AIM OF THE EXERCISE:
The expected response is the complete listing below, restated exactly, with its pictures omitted.

INPUT DATA:
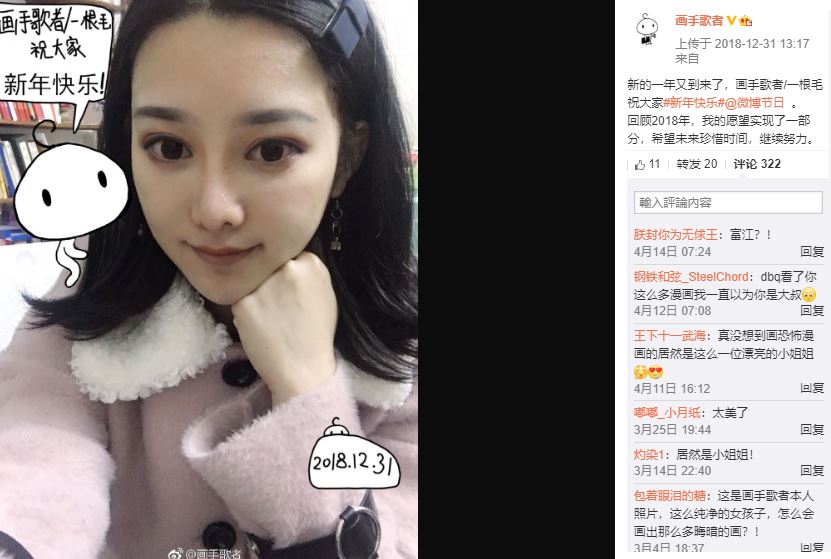 而早在去年,作者就曾在個人微博公開全身照,當時被網友指稱「目測應該有170公分」,而另一張正臉自拍照中,甜美外型和作品暗黑風格相去甚遠,讓網友直呼「真沒想到畫恐怖漫畫的居然是這麼一位漂亮的小姐姐」、「真沒想到畫恐怖漫畫的居然是這麼一位漂亮的小姐姐」。
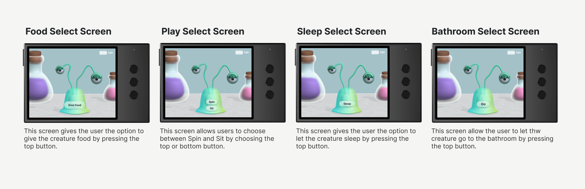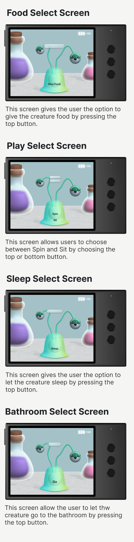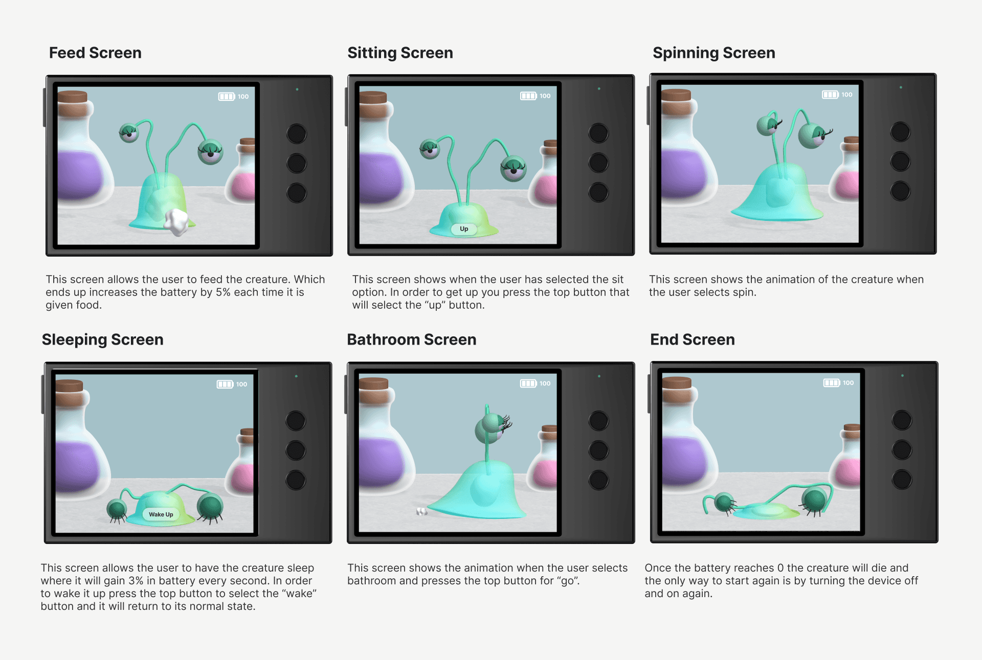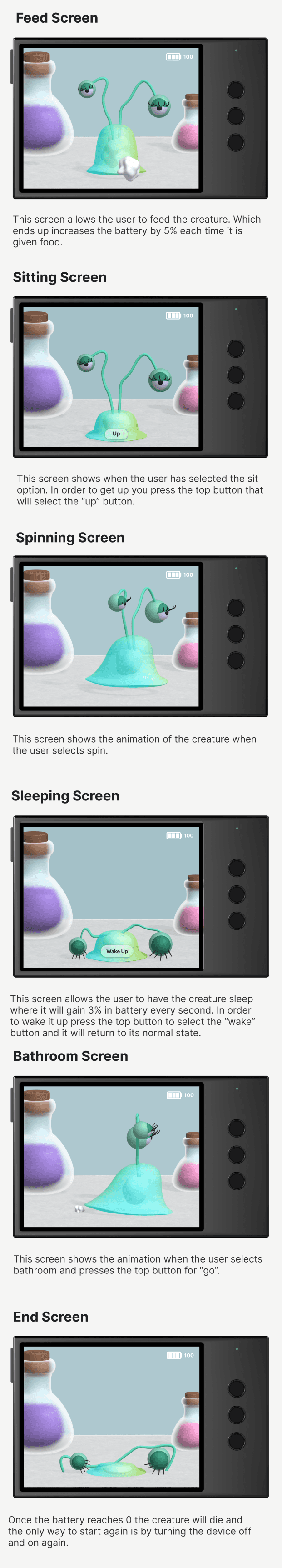 For this project, I explored the possibilities of combining Spline and Figma to create a realistic prototype. Using Spline, I designed and animated 3D objects to bring my concept to life, while Figma allowed me to build interactive elements like a working battery that made the prototype feel functional. One of the biggest challenges was managing all the different pieces, from modeling and animating the creature to designing the case and layout for the three button input. Once everything was ready, I brought all the assets into Figma to assemble the final prototype. Although the process was time consuming and required problem-solving along the way, it taught me how powerful both tools can be when used together and opened my eyes to new creative possibilities.
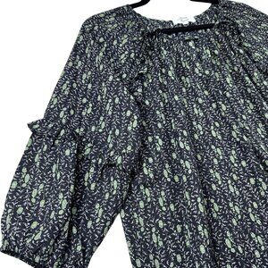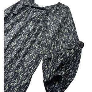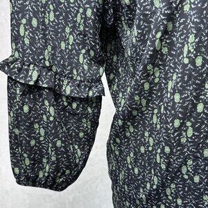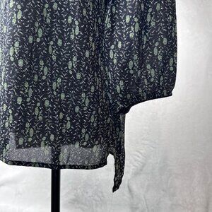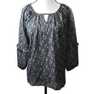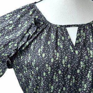Beacon Apparel Black Green Floral Blouse Sz M 3/4 Sleeves Keyhole Flowy Fairy

ANSWER SPACE:
 而早在去年,作者就曾在個人微博公開全身照,當時被網友指稱「目測應該有170公分」,而另一張正臉自拍照中,甜美外型和作品暗黑風格相去甚遠,讓網友直呼「真沒想到畫恐怖漫畫的居然是這麼一位漂亮的小姐姐」、「真沒想到畫恐怖漫畫的居然是這麼一位漂亮的小姐姐」。
 For this project, I explored the possibilities of combining Spline and Figma to create a realistic prototype. Using Spline, I designed and animated 3D objects to bring my concept to life, while Figma allowed me to build interactive elements like a working battery that made the prototype feel functional. One of the biggest challenges was managing all the different pieces, from modeling and animating the creature to designing the case and layout for the three button input. Once everything was ready, I brought all the assets into Figma to assemble the final prototype. Although the process was time consuming and required problem-solving along the way, it taught me how powerful both tools can be when used together and opened my eyes to new creative possibilities.
Beacon Apparel Black Green Floral Blouse Sz M 3/4 Sleeves Keyhole Flowy Fairy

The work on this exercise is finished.